→ **ABOUT THIS TASK**
Below is a listing. Write out exactly its lines between the one holding "NEW BALANCE7-14岁男女童液态银网面运动鞋GR530AD" and the one holding "意味不明あだ名 | 『ペロリンズーマル』『自称ズーマル』 |", inclusive.

→ **DATA EXTRACT**
━━━━━━━━
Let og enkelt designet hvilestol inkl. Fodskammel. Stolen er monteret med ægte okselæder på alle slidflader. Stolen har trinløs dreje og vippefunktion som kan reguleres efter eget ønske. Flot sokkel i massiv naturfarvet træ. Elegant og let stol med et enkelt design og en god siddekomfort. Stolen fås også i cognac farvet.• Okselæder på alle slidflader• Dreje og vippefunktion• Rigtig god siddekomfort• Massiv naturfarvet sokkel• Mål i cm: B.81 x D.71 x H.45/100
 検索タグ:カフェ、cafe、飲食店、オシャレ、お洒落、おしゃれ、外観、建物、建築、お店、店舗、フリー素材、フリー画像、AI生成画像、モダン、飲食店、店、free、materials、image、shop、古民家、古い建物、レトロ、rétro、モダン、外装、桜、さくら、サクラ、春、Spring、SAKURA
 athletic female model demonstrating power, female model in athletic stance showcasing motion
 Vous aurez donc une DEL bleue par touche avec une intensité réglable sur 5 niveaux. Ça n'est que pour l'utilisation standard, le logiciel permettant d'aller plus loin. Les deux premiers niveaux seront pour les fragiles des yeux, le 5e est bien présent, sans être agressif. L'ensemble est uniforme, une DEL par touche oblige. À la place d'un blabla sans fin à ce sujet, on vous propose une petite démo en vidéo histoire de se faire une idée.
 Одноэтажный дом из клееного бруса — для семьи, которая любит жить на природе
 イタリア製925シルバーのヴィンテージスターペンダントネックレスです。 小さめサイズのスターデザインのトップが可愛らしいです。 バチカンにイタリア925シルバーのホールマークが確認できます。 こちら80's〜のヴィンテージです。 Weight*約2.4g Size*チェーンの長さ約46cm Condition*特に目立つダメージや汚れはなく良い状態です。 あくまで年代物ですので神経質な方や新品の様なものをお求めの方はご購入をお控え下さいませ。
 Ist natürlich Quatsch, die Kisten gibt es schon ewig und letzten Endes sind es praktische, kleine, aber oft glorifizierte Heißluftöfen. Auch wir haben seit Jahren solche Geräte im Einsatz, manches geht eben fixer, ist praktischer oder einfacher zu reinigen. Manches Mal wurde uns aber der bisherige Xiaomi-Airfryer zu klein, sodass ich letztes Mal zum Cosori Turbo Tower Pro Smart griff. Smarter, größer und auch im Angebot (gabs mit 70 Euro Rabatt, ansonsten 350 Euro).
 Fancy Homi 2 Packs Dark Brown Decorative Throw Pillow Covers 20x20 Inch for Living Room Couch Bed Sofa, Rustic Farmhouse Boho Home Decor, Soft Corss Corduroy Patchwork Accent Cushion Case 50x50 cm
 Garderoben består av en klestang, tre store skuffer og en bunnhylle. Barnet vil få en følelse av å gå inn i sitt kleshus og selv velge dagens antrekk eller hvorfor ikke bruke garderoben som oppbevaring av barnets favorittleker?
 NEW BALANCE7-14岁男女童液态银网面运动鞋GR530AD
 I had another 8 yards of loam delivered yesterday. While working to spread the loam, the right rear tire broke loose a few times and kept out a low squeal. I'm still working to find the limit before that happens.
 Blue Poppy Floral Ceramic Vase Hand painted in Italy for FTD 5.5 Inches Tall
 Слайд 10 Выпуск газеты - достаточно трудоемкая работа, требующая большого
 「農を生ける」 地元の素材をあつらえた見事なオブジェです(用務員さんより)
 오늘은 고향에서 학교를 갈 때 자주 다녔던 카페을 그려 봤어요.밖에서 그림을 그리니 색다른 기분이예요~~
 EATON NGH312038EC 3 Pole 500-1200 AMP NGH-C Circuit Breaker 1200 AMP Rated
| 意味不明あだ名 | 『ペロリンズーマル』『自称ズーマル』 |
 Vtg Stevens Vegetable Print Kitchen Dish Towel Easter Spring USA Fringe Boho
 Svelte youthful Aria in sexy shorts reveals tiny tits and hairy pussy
━━━━━━━━
→ **RESPONSE**
 NEW BALANCE7-14岁男女童液态银网面运动鞋GR530AD
 I had another 8 yards of loam delivered yesterday. While working to spread the loam, the right rear tire broke loose a few times and kept out a low squeal. I'm still working to find the limit before that happens.
 Blue Poppy Floral Ceramic Vase Hand painted in Italy for FTD 5.5 Inches Tall
 Слайд 10 Выпуск газеты - достаточно трудоемкая работа, требующая большого
 「農を生ける」 地元の素材をあつらえた見事なオブジェです(用務員さんより)
 오늘은 고향에서 학교를 갈 때 자주 다녔던 카페을 그려 봤어요.밖에서 그림을 그리니 색다른 기분이예요~~
 EATON NGH312038EC 3 Pole 500-1200 AMP NGH-C Circuit Breaker 1200 AMP Rated
| 意味不明あだ名 | 『ペロリンズーマル』『自称ズーマル』 |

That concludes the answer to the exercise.